The “brief” part is a lie.

Owing to an apocalypse, and rather anticlimactically, Etan (who argues all of our arguments) argued our case to the three judge panel in June, via teleconference. I was really looking forward to sitting with him in the fancy Atlanta courtroom; fighting for something you believe in with friends at your side is one of life’s best things. Watching a friend participate in a telephone conference through the appeals court’s YouTube feed is… also one of life’s things. Suck it 2020.

On July 29th, the United States Court of Appeals for the Eleventh Circuit ruled against Herbalife’s top distributors in a 3-0 published opinion.

The first two sentences of the court’s analysis section are essentially the whole thing:

“The top distributors contend that under the plain language of the arbitration clauses, the aggrieved distributors agreed to arbitrate their claims against them.
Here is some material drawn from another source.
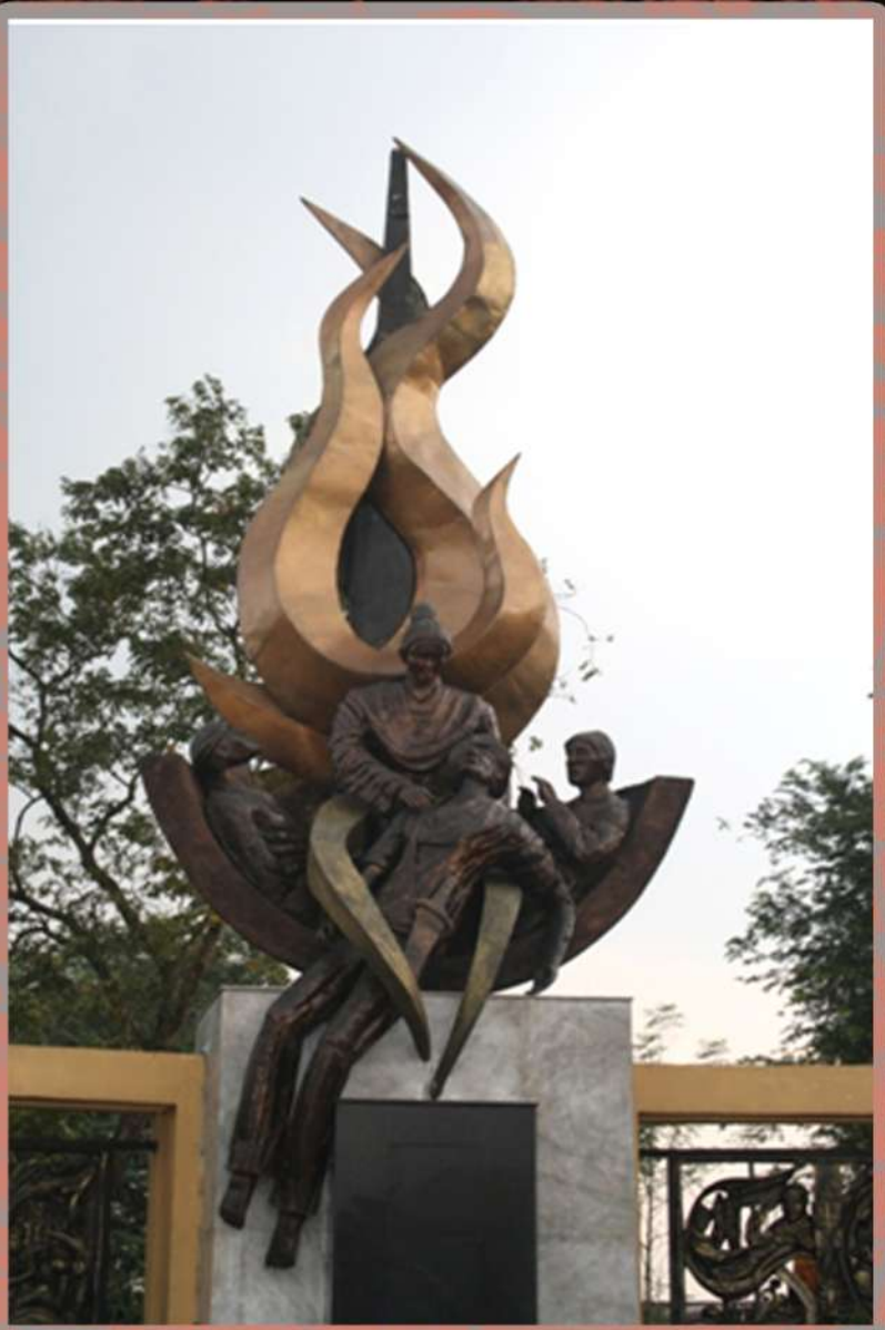
LARAWAN 7. Bagong Dambana ni Tandang Sora (Imao, 2012), Banlat Rd., Brgy. Tandang Sora, Lungsod Quezon 7.1. (A.6. sa loob ng texto.)

However, the top distributors have at least one major problem: None of them is a party to any of the distributor agreements they are attempting to invoke.”

Well, now, that does sound like a problem.

But there is one very narrow legalistic escape path — it’s called “equitable estoppel”. Courts are fond of describing equitable estoppel like this:

The signatory cannot, on the one hand, seek to hold the non-signatory liable pursuant to duties imposed by the agreement, which contains an arbitration provision, but, on the other hand, deny arbitration’s applicability because the defendant is a non-signatory.

It’s hard to state it simpler than that because it is not at all simple. But, you can’t sue on one provision of a contract while ignoring other provisions of the same contract.

So does a suit against top distributor “tools” businesses — a critical component of most MLMs — fall under this narrow equitable exception?

No.

Here, there is no duty in the distributor agreements to participate in the Circle of Success enterprise, so the aggrieved distributors are not seeking to hold the top distributors liable pursuant to any duties imposed by the agreements. Thus, nothing about the aggrieved distributors’ suit against the top distributors would give the district court a reason to apply equitable estoppel.

So, that’s that? Holy shit! We won and it kinda feels amazing. I think I’ll try to schedule myself for more of these wins in the future.

Meanwhile, the California case against Herbalife corporate has been steadily advancing. We have hundreds of hours of event footage; hundreds of thousands of pages of documents; and we’ve conducted fourteen depositions. I took eight of those depositions myself and was present for every second of the other six. I forced myself to watch almost all of the god awful event footage — a trauma from which I will never recover. I’ve looked at something very close to all of the documents produced in the case, and tens of thousands of documents produced in side cases.

When this case started I knew more about Herbalife than almost any other outsider in the history of the company (that’s not bragging, it’s sad). Now, I know more about Herbalife than most Herbalife insiders (sadder still). It’s totally bonkers to me that Herbalife is letting this happen… but I’m here for it.

The next round begins when we file our amended complaint against the top distributors in the Southern District of Florida at the end of October.